┌──

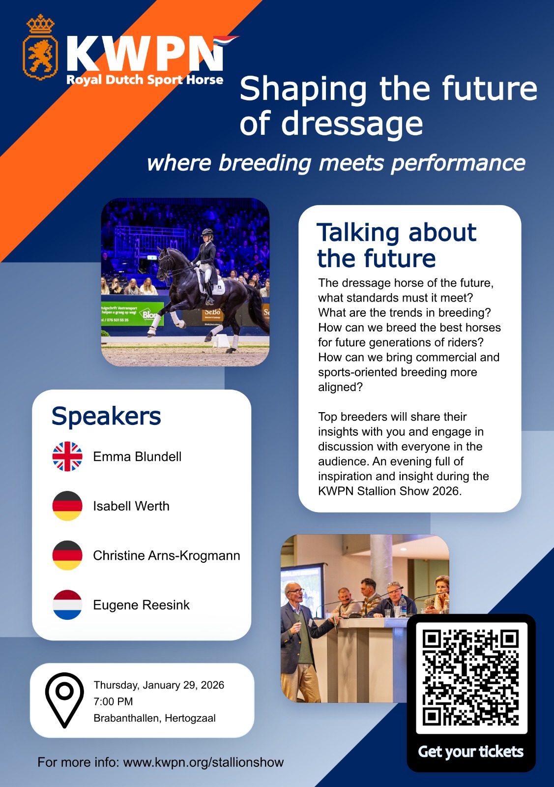 Het dressuurcongres vindt plaats op donderdag 29 januari 2026 in de Brabanthallen in Den Bosch (Hertogzaal). De inloop is vanaf 19.00 uur, het congres start om 19.30 uur. De voertaal is Engels. Het congres maakt deel uit van de KWPN Stallion Show, die van 28 tot en met 31 januari 2026 wordt georganiseerd. Voor het dressuurcongres zijn losse tickets verkrijgbaar.
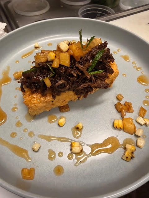 Scotch bonnet honey glazed steak layered over a crisp Caribbean cou-cou, topped with grilled pineapple, charred corn, and fresh mint
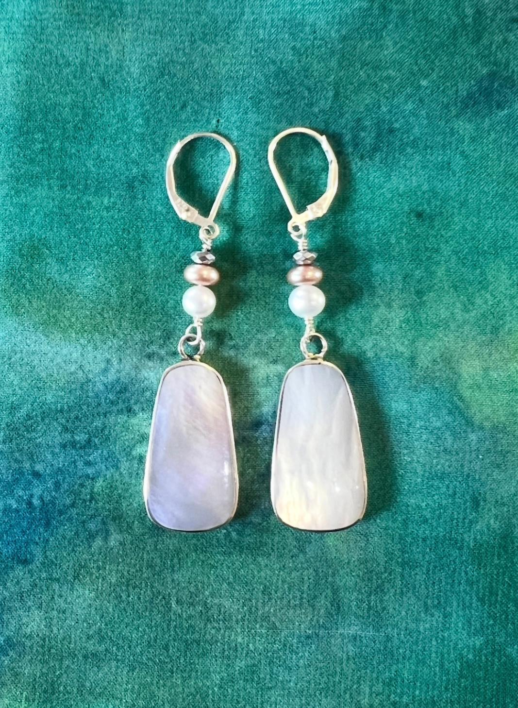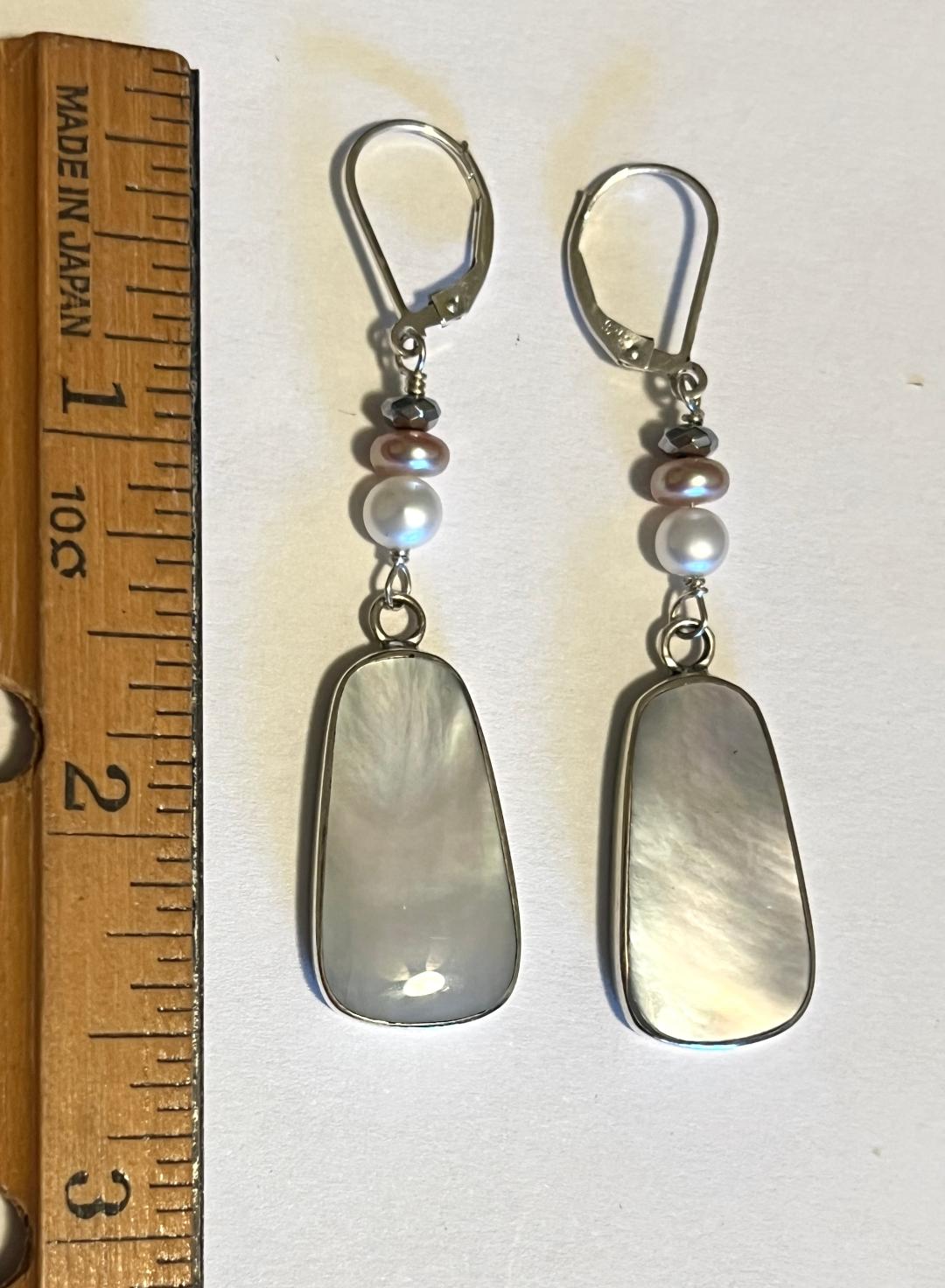 Mother of Pearl and freshwater pearls long and easy to wear dangle earrings with lever backs. The MOP has a body color of white with subtle iridescent overtones of pinks and greens. The overall length is just under 2 1/2″. They are long but also lightweight.
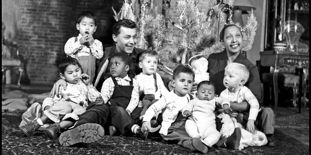 1954 begann Josephine Baker ihren Regenbogen-Traum der Adoption von Kindern mit gelber, schwarzer, weißer und roter Hautfarbe zu verwirklichen. Zunächst sollten es nur vier oder fünf Kinder sein -von den fünf Kontinenten- aber dann wurden es immer mehr. Josephine Baker war ständig auf Tournee, und fast von jeder Reise brachte sie ein neues Kind mit. Sie taufte die neue Familie rainbow tribe/tribu arc-en-ciel, Regenbogenstamm, der der ganzen Welt präsentiert werden sollte als Beweis dafür, dass Kinder unterschiedlicher Herkunft gemeinsam wie Brüder und Schwestern aufwachsen können, dass der Rassenhass also nicht naturgegeben ist, sondern eine Erfindung von Menschen.[60] Das Schloss von Milandes wurde nun in eine Touristenzentrum verwandelt. Auf den Straßen der Umgebung wurden Schilder angebracht, die dazu einluden, das „Dorf der Welt“ oder die „Hauptstadt der Brüderlichkeit“ zu besuchen. Ende der 1950-er Jahre waren es 300 000 Menschen pro Jahr, die dieser Einladung folgten.
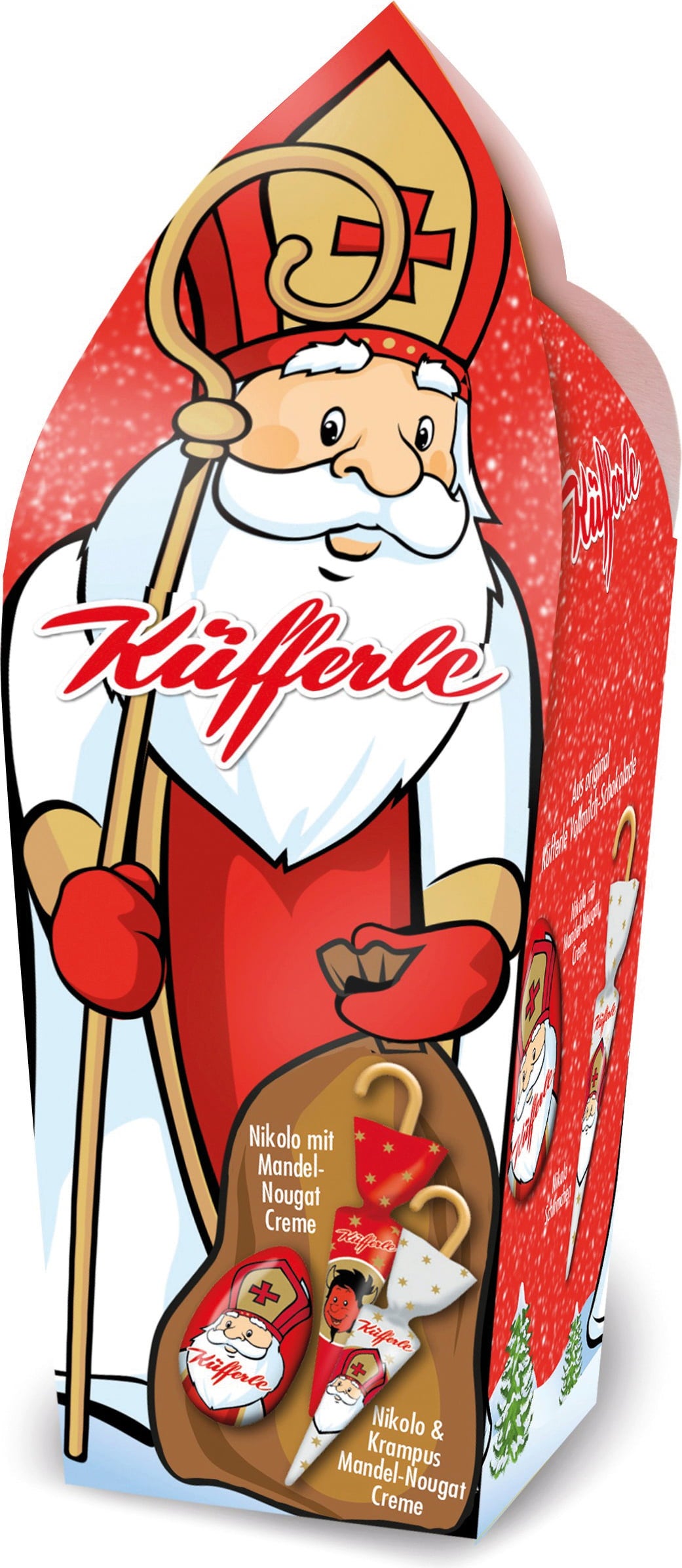 Verwen jezelf in de adventstijd met het Küfferle Sinterklaascadeau: gevuld met de geliefde chocoladeschermpjes van fijne melkchocolade en heerlijke Nikolotaler met romige amandel-nougatvulling. Dit charmante cadeautje tovert gegarandeerd een glimlach op ieders gezicht – perfect in de schoen van Sinterklaas, als feestelijke tafeldecoratie of als zoete verrassing tussendoor. Een echte klassieker die de kersttijd extra bijzonder maakt.
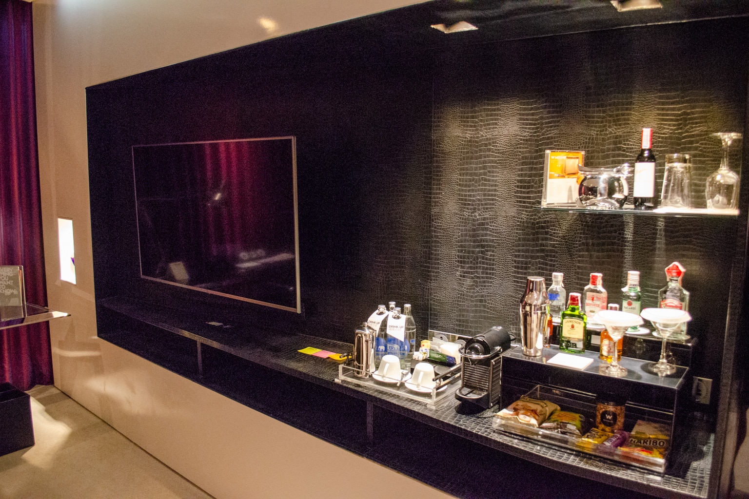On the opposite wall from the couch is a large flat-screen TV and the room’s not-so-minibar. There was plenty of booze and snacks available at a steep cost; however, there were also many bottles of water and a coffee maker that came without any sticker shock.
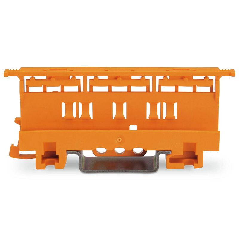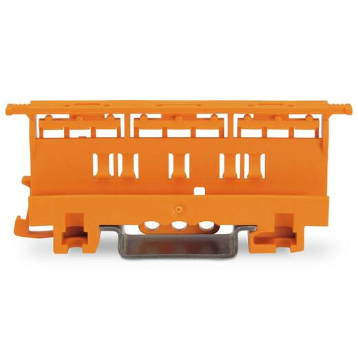 Wago 221-500 – монтажный адаптер для 2-, 3- и 5-проводных клемм серии 221 (4 мм²) для винтового крепления или крепления на рейку DIN-35. Цвет - оранжевый.
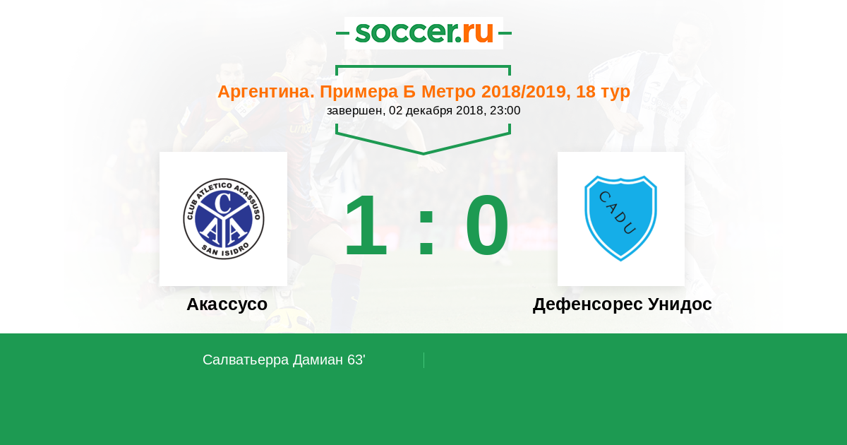 Протокол матча Акассусо против Дефенсорес Унидос

└──

## Task objective
Set down each entry above exactly as it appears. Omit the pictures.

## Response area
 Het dressuurcongres vindt plaats op donderdag 29 januari 2026 in de Brabanthallen in Den Bosch (Hertogzaal). De inloop is vanaf 19.00 uur, het congres start om 19.30 uur. De voertaal is Engels. Het congres maakt deel uit van de KWPN Stallion Show, die van 28 tot en met 31 januari 2026 wordt georganiseerd. Voor het dressuurcongres zijn losse tickets verkrijgbaar.
 Scotch bonnet honey glazed steak layered over a crisp Caribbean cou-cou, topped with grilled pineapple, charred corn, and fresh mint
 Mother of Pearl and freshwater pearls long and easy to wear dangle earrings with lever backs. The MOP has a body color of white with subtle iridescent overtones of pinks and greens. The overall length is just under 2 1/2″. They are long but also lightweight.
 1954 begann Josephine Baker ihren Regenbogen-Traum der Adoption von Kindern mit gelber, schwarzer, weißer und roter Hautfarbe zu verwirklichen. Zunächst sollten es nur vier oder fünf Kinder sein -von den fünf Kontinenten- aber dann wurden es immer mehr. Josephine Baker war ständig auf Tournee, und fast von jeder Reise brachte sie ein neues Kind mit. Sie taufte die neue Familie rainbow tribe/tribu arc-en-ciel, Regenbogenstamm, der der ganzen Welt präsentiert werden sollte als Beweis dafür, dass Kinder unterschiedlicher Herkunft gemeinsam wie Brüder und Schwestern aufwachsen können, dass der Rassenhass also nicht naturgegeben ist, sondern eine Erfindung von Menschen.[60] Das Schloss von Milandes wurde nun in eine Touristenzentrum verwandelt. Auf den Straßen der Umgebung wurden Schilder angebracht, die dazu einluden, das „Dorf der Welt“ oder die „Hauptstadt der Brüderlichkeit“ zu besuchen. Ende der 1950-er Jahre waren es 300 000 Menschen pro Jahr, die dieser Einladung folgten.
 Verwen jezelf in de adventstijd met het Küfferle Sinterklaascadeau: gevuld met de geliefde chocoladeschermpjes van fijne melkchocolade en heerlijke Nikolotaler met romige amandel-nougatvulling. Dit charmante cadeautje tovert gegarandeerd een glimlach op ieders gezicht – perfect in de schoen van Sinterklaas, als feestelijke tafeldecoratie of als zoete verrassing tussendoor. Een echte klassieker die de kersttijd extra bijzonder maakt.
On the opposite wall from the couch is a large flat-screen TV and the room’s not-so-minibar. There was plenty of booze and snacks available at a steep cost; however, there were also many bottles of water and a coffee maker that came without any sticker shock.
 Wago 221-500 – монтажный адаптер для 2-, 3- и 5-проводных клемм серии 221 (4 мм²) для винтового крепления или крепления на рейку DIN-35. Цвет - оранжевый.
 Протокол матча Акассусо против Дефенсорес Унидос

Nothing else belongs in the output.